[Work to complete] Only the lines from the one containing "Reproductie van een" through the end of the entries are wanted, retyped exactly and without pictures.

Stored items from a collection:
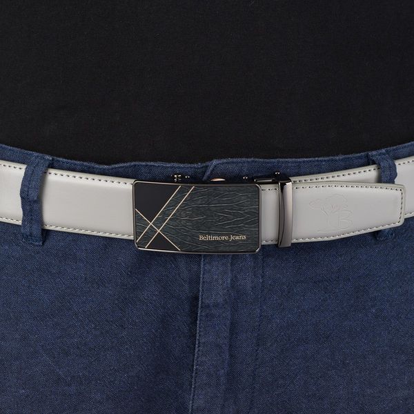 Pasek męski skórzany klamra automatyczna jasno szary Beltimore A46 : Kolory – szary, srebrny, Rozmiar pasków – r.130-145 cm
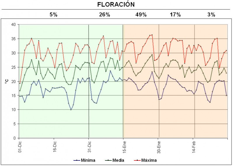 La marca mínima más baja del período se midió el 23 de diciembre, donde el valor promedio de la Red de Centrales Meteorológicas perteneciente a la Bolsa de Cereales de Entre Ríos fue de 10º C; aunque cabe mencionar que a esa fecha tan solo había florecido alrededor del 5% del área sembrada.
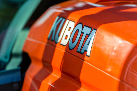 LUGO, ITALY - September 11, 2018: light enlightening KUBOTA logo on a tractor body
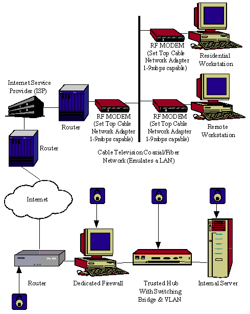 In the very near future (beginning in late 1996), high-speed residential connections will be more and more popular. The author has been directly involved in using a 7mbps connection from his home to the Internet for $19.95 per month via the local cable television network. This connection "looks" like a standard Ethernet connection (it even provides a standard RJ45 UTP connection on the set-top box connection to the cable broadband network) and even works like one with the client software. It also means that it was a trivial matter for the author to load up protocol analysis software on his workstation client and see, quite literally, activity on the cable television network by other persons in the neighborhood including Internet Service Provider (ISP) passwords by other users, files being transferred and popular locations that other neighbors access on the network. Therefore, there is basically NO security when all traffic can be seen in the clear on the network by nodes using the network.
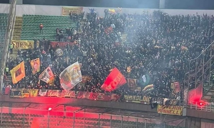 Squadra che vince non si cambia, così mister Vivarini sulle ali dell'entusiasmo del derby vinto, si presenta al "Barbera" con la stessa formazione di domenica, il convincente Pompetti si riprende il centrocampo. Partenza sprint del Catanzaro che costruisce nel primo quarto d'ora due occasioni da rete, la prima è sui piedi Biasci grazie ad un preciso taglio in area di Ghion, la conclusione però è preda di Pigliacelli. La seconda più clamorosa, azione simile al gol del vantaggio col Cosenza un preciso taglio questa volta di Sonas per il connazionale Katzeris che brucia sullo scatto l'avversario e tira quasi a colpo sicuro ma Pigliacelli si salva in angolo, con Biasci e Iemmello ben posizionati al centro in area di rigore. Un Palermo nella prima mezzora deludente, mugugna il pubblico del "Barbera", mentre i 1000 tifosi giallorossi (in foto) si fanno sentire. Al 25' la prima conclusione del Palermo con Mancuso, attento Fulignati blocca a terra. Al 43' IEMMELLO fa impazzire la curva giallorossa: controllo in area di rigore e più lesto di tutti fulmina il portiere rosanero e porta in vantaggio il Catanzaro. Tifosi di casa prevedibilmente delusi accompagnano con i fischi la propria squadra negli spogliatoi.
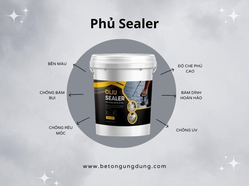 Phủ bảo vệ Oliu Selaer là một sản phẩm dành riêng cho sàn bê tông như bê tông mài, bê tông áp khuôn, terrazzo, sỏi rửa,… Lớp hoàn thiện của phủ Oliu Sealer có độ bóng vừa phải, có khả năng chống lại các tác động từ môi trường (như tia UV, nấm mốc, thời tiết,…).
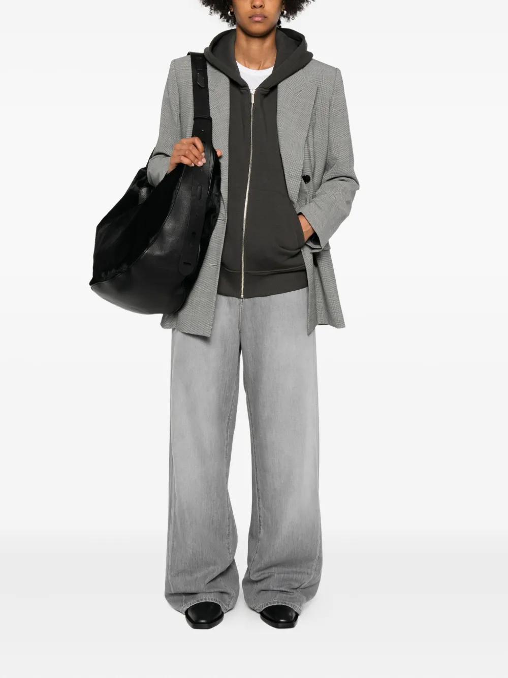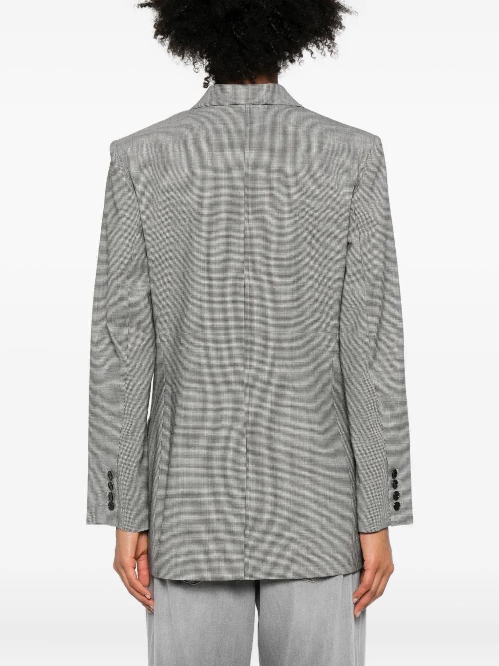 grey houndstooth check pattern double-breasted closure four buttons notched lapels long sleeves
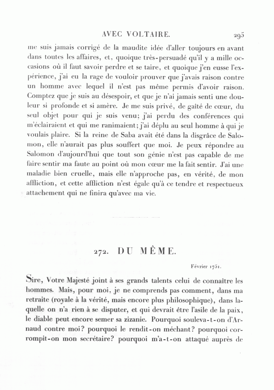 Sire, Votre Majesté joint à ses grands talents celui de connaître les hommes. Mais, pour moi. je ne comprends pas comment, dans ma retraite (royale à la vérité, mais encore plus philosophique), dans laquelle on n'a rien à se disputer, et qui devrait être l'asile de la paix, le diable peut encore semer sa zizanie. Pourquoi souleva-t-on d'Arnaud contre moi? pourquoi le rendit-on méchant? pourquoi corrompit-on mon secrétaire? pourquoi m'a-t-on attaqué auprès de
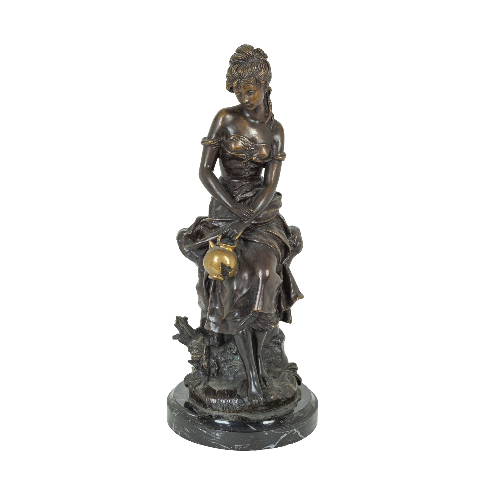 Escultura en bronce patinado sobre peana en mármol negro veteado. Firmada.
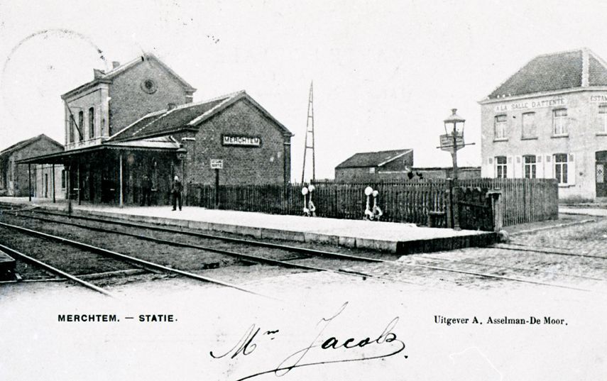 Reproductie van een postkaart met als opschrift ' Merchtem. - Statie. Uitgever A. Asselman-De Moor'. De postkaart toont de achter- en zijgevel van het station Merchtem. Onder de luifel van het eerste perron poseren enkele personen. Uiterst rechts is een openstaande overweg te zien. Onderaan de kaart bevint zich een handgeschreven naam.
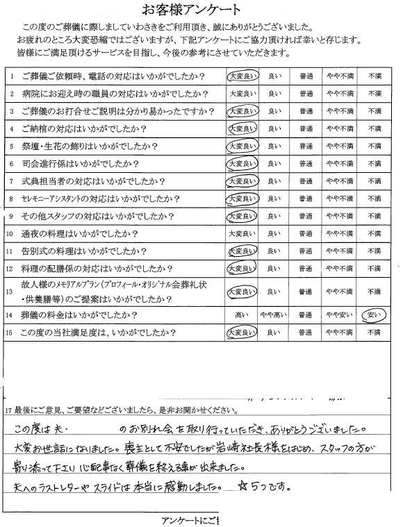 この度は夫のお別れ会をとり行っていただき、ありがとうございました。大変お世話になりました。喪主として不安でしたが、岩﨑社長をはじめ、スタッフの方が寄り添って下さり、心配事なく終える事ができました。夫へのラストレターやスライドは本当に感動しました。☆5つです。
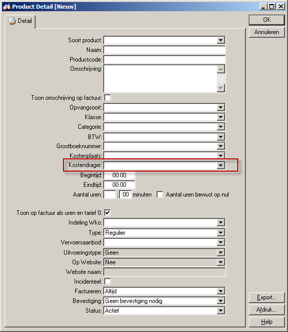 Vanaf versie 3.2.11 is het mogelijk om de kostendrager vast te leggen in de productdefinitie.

[Response]
 Reproductie van een postkaart met als opschrift ' Merchtem. - Statie. Uitgever A. Asselman-De Moor'. De postkaart toont de achter- en zijgevel van het station Merchtem. Onder de luifel van het eerste perron poseren enkele personen. Uiterst rechts is een openstaande overweg te zien. Onderaan de kaart bevint zich een handgeschreven naam.
 この度は夫のお別れ会をとり行っていただき、ありがとうございました。大変お世話になりました。喪主として不安でしたが、岩﨑社長をはじめ、スタッフの方が寄り添って下さり、心配事なく終える事ができました。夫へのラストレターやスライドは本当に感動しました。☆5つです。
 Vanaf versie 3.2.11 is het mogelijk om de kostendrager vast te leggen in de productdefinitie.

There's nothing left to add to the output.